══ Provided entries
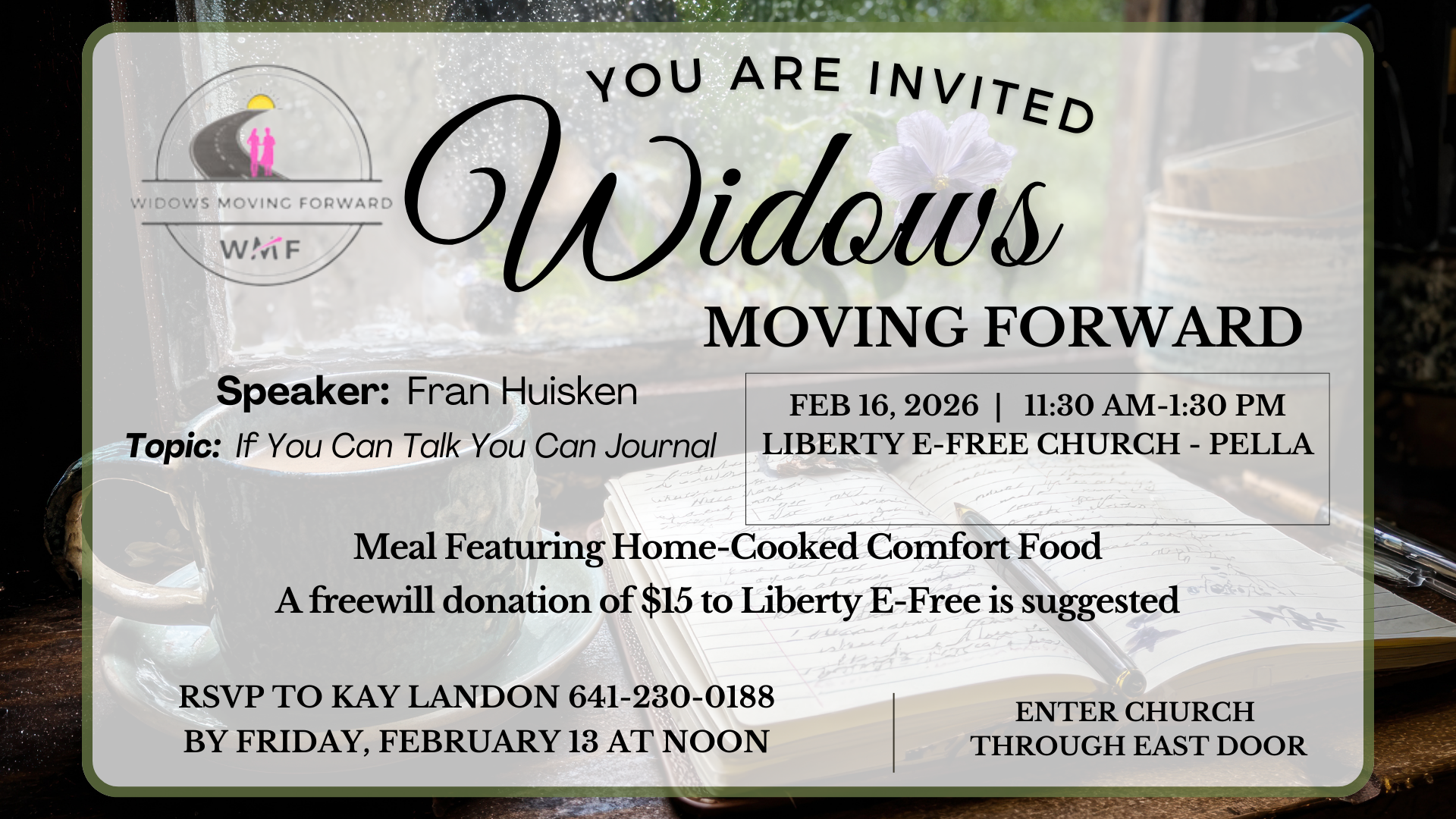 Widows Moving Forward Ministry typically meets on the 3rd Monday of the Month at Liberty E-Free Church. A new theme will be introduced each month. Some months will include a speaker, while other months will focus on fellowship.
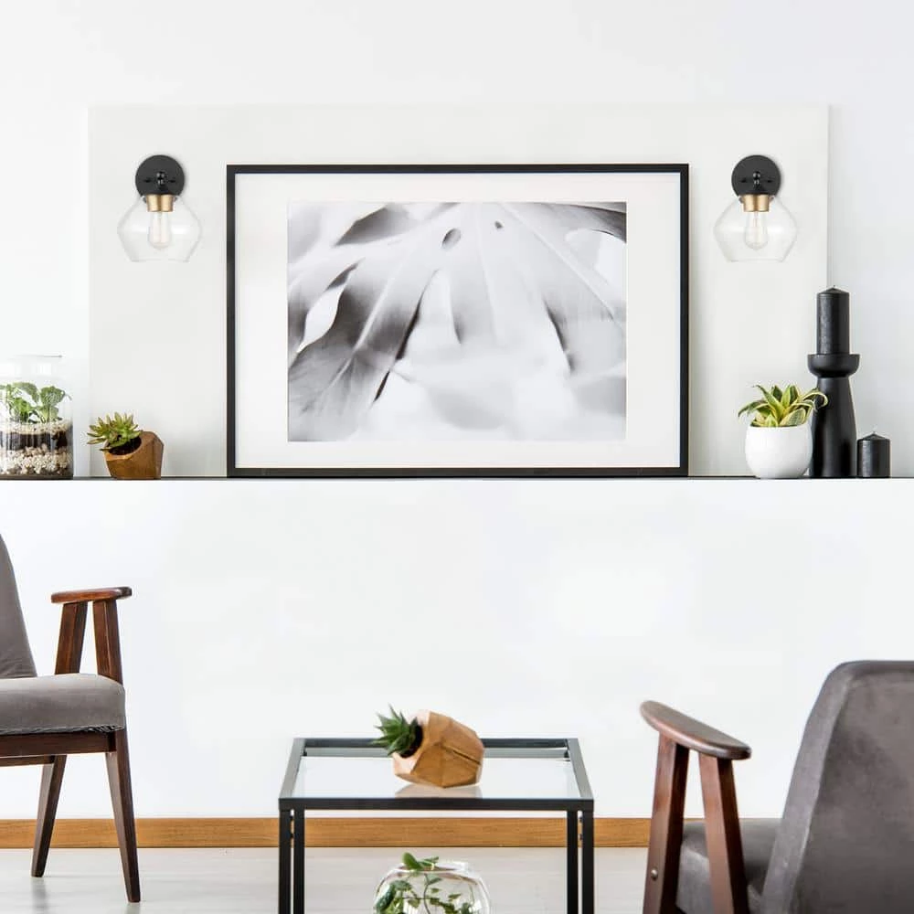 - Clear glass shade: the clear glass shade is perfect for changing the look of your wall sconce – change the bulb, change the look; try a vintage Edison bulb for an effortless mid-century modern look or use a designer bulb for a completely different feel
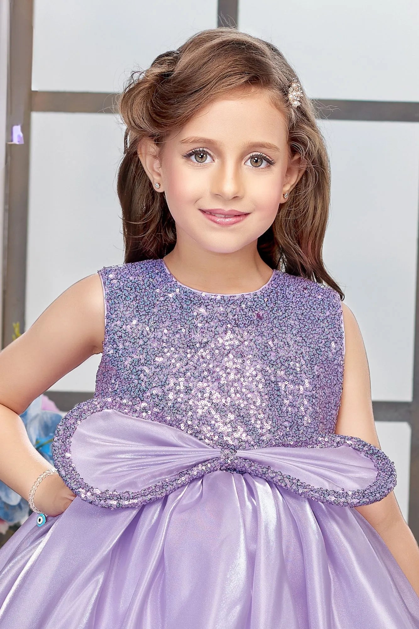 Lavender Sequin Embellished Frock For Girls
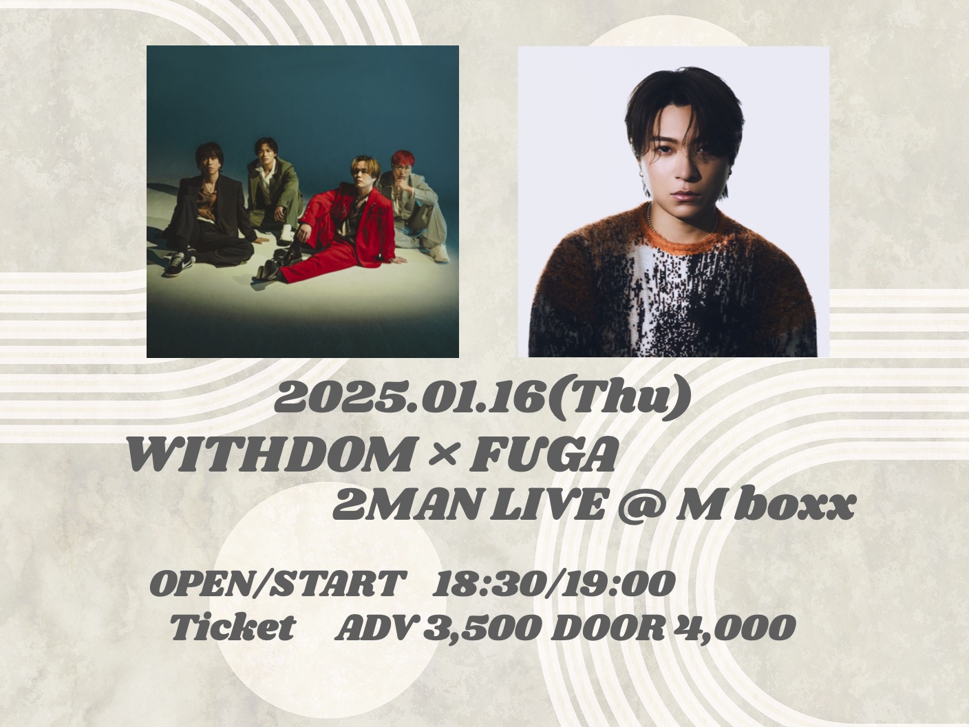 2025年1月16日 WITHDOM×FUGA 2MAN LIVE 【日程】2025年1月16日 【時間】集合:18:20 開演:19:00 【会場】M boxx 【出演者】WITHDOM / FUGA イベント詳細はこちら
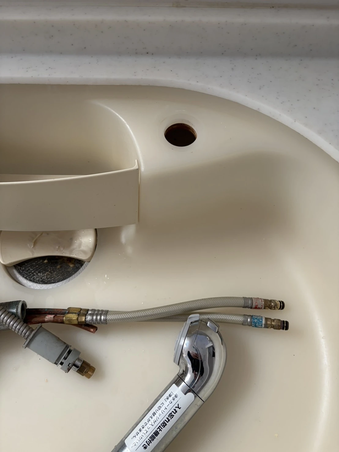 既存水栓を撤去後、給水・給湯配管の状態を点検し、新品水栓を確実に接続しております。
════
■ Exercise: Every line above should be output exactly, except for the pictures.

■ The completed task:
 Widows Moving Forward Ministry typically meets on the 3rd Monday of the Month at Liberty E-Free Church. A new theme will be introduced each month. Some months will include a speaker, while other months will focus on fellowship.
 - Clear glass shade: the clear glass shade is perfect for changing the look of your wall sconce – change the bulb, change the look; try a vintage Edison bulb for an effortless mid-century modern look or use a designer bulb for a completely different feel
 Lavender Sequin Embellished Frock For Girls
 2025年1月16日 WITHDOM×FUGA 2MAN LIVE 【日程】2025年1月16日 【時間】集合:18:20 開演:19:00 【会場】M boxx 【出演者】WITHDOM / FUGA イベント詳細はこちら
 既存水栓を撤去後、給水・給湯配管の状態を点検し、新品水栓を確実に接続しております。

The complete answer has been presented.